Magnitude of Vectors on chart not taking into account number of vectors?

Zyin055 / Inspect-Embedding-Training

Python script to analyze textual inversion embedding files used with AI image generators

MIT License

102 stars 11 forks source link

Magnitude of Vectors on chart not taking into account number of vectors? #2

Closed zrichz closed 1 year ago

zrichz commented 1 year ago

Hi - as far as I can tell with the code, there needs to be a division at the end of this code snippet to take into account the number of vectors used for the embedding, to get the average magnitude across all vectors:

def get_vector_data_magnitude(data: dict[int, dict[int, Tensor]], step: int) -> float: value = 0 for n in data[step]: value += pow(n, 2) value = math.sqrt(value) ##<------needs a divisor here? return value

as current this is just squaring every data point and then sqrt the result

Zyin055 commented 1 year ago

So something like this?

def get_vector_data_magnitude(data: dict[int, dict[int, Tensor]], step: int) -> float:
    value = 0
    for n in data[step]:
        value += pow(n, 2)
    vectors_per_token = int(len(data[step]) / DIMS_PER_VECTOR) #ie: 1, 3, 10, etc
    value = math.sqrt(value) / vectors_per_token
    return value

zrichz commented 1 year ago

Yes I believe so.

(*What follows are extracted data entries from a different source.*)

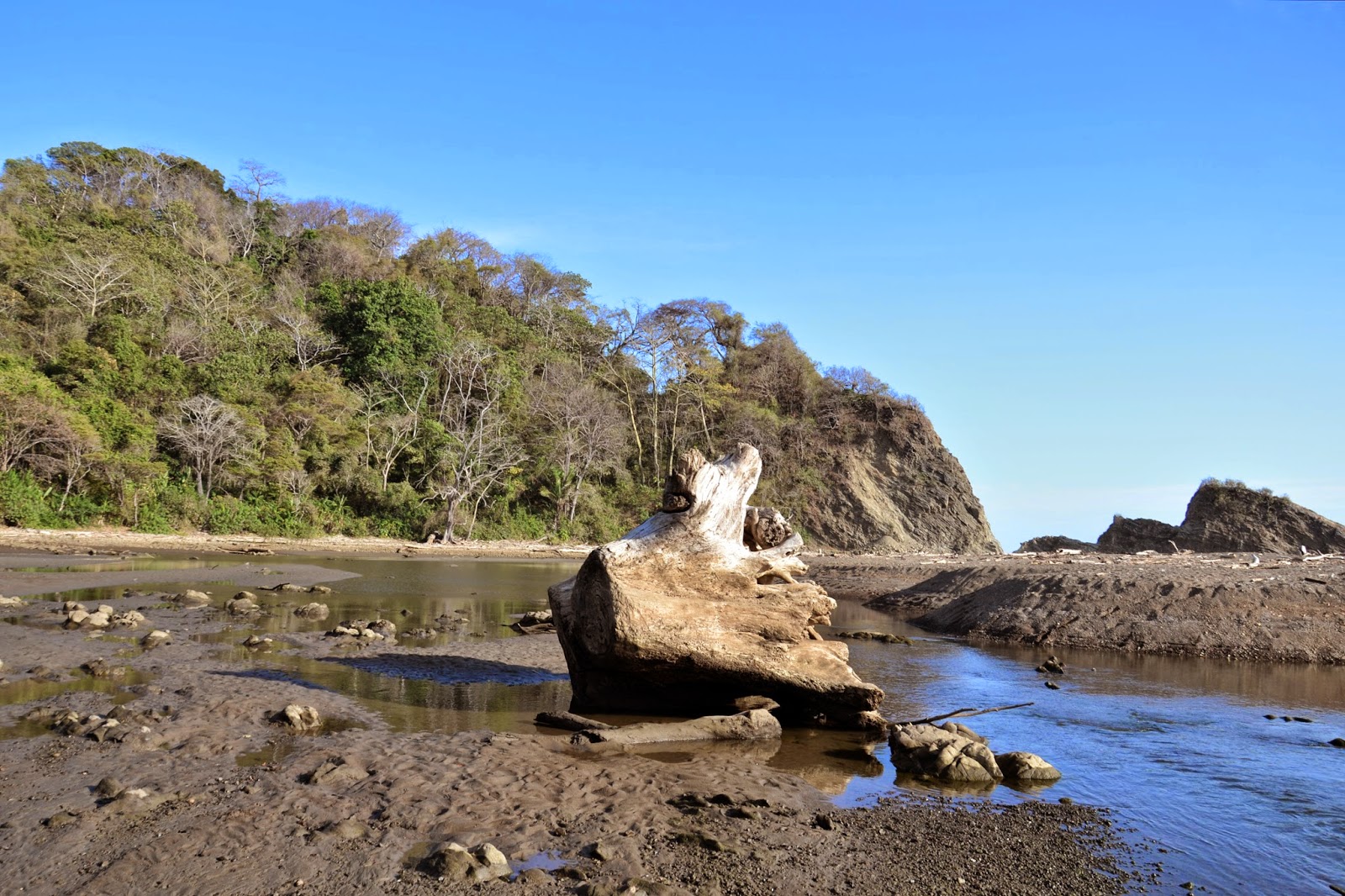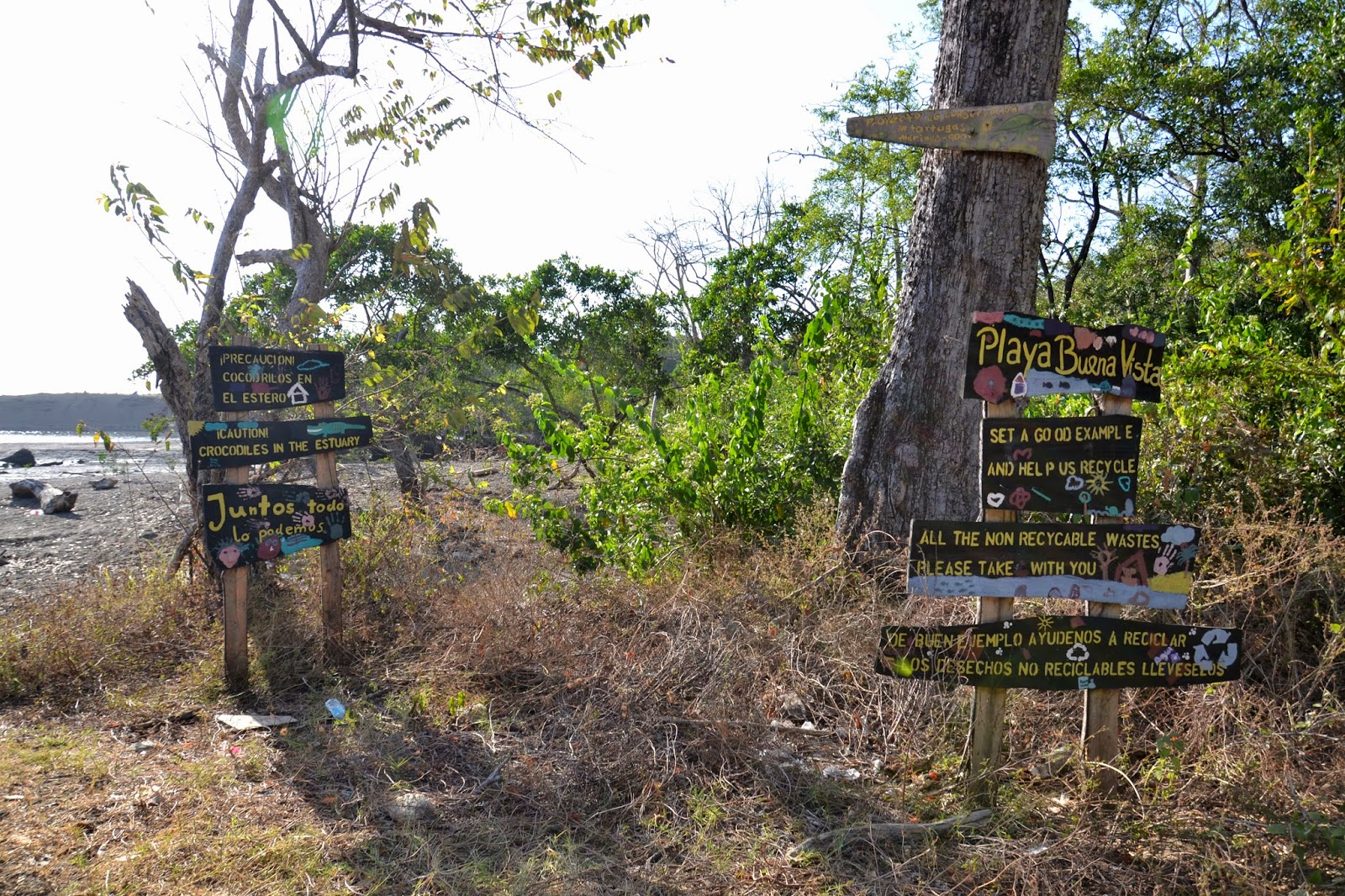 Popoldansko kopanje sva si želela preživeti na sosednji plaži, zato sva se s kolesi napotila v drugo smer – severno od Playe Samare. Playa Samara ima takšno lego, da sonce precej hitro izgine za hrib in ni viden sončni zahod, zato sva si želela na to sosednjo plažo, kjer so menda res lepi sončni zahodi. Po 10 minutah kolesarjenja po makadamski cesti prispeva do plaže, kjer pa naju ustavijo napisi – pazite, krokodili v reki. OMG!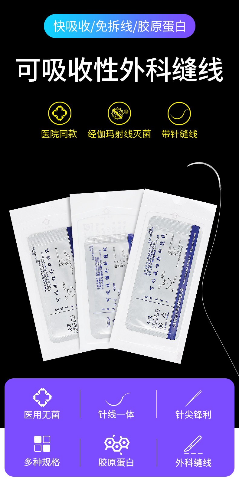 | Цвет: | 5-0 3/8 5*10 Пакет [быстрое поглощение 7-15 дней], 6-0 3/8 4*10 упаковки [быстрое поглощение 7-15 дней], 7-0 3/8 3*10 Пакет [быстрое поглощение 7-15 дней] |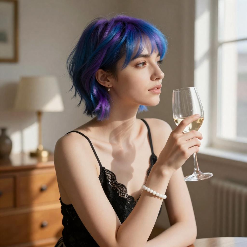 Photograph of a slender young woman with fair skin and short blue and purple hair wearing a black lace camisole and a white beaded bracelet. She is holding a wine glass with white wine, sitting in a warmly lit room with sunlight streaming through a window. The background includes a wooden dresser and a lamp.
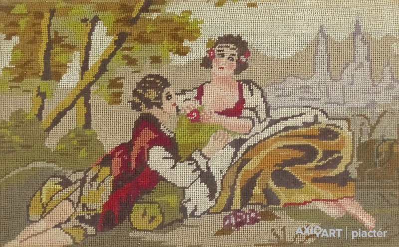 Régi fekete keretben üveglap mögött, arany színű paszpartuban található, kétalakos romantikus piknik kézimunka gobelin. Akasztási lehetőséggel rendelkezik.

I was trying to write this change but didn't realise you had to explicitly define the vectors per token again. I'm happy to test this tonight and let you know

zrichz commented 1 year ago

new20220111H-1050-2300-vector original20220111H-1050-2300-vector

to update, I have tested your code change on a 3-vector TI, and all looks great - the new Average Vector magnitude (top image) reports as 4.5.. and not 3x that (13.7..), and the average vector strength is (rightly) unaffected.